__TO DO__
The whole listing that follows is to be restated word for word, images excluded.

Start of RECORDED DATA

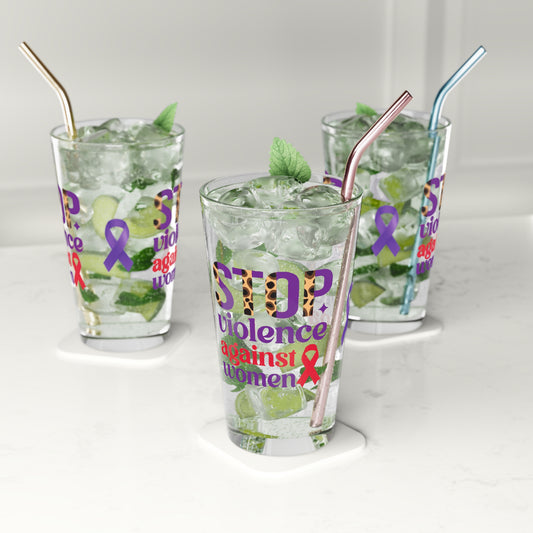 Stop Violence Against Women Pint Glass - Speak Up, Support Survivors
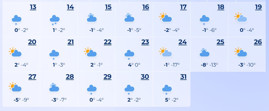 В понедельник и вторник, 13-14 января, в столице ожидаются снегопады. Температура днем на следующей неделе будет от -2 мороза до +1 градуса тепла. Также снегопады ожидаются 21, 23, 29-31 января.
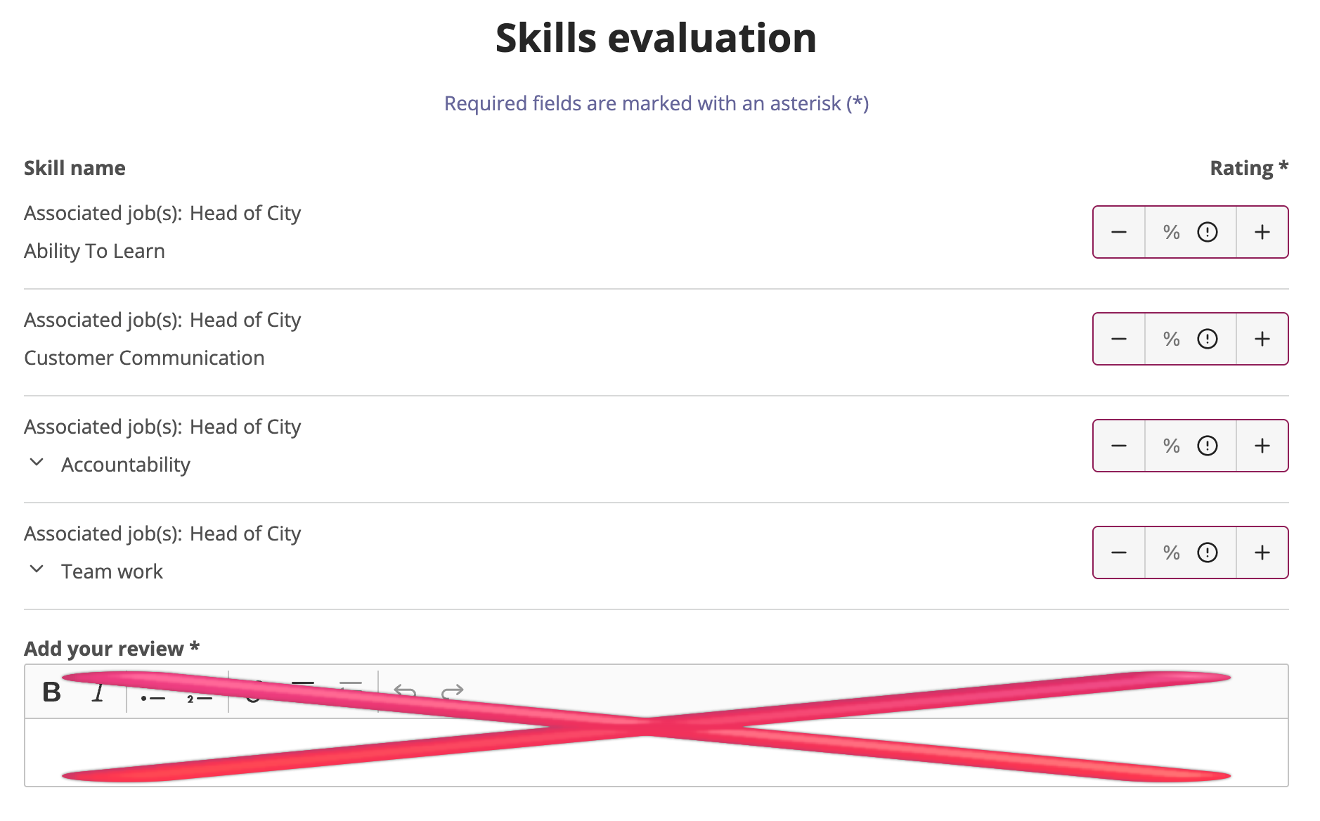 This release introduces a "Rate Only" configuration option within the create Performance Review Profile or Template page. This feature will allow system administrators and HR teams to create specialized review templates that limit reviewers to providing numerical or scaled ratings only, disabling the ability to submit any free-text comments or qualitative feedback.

End of RECORDED DATA

__TASK ANSWER__
 Stop Violence Against Women Pint Glass - Speak Up, Support Survivors
 В понедельник и вторник, 13-14 января, в столице ожидаются снегопады. Температура днем на следующей неделе будет от -2 мороза до +1 градуса тепла. Также снегопады ожидаются 21, 23, 29-31 января.
 This release introduces a "Rate Only" configuration option within the create Performance Review Profile or Template page. This feature will allow system administrators and HR teams to create specialized review templates that limit reviewers to providing numerical or scaled ratings only, disabling the ability to submit any free-text comments or qualitative feedback.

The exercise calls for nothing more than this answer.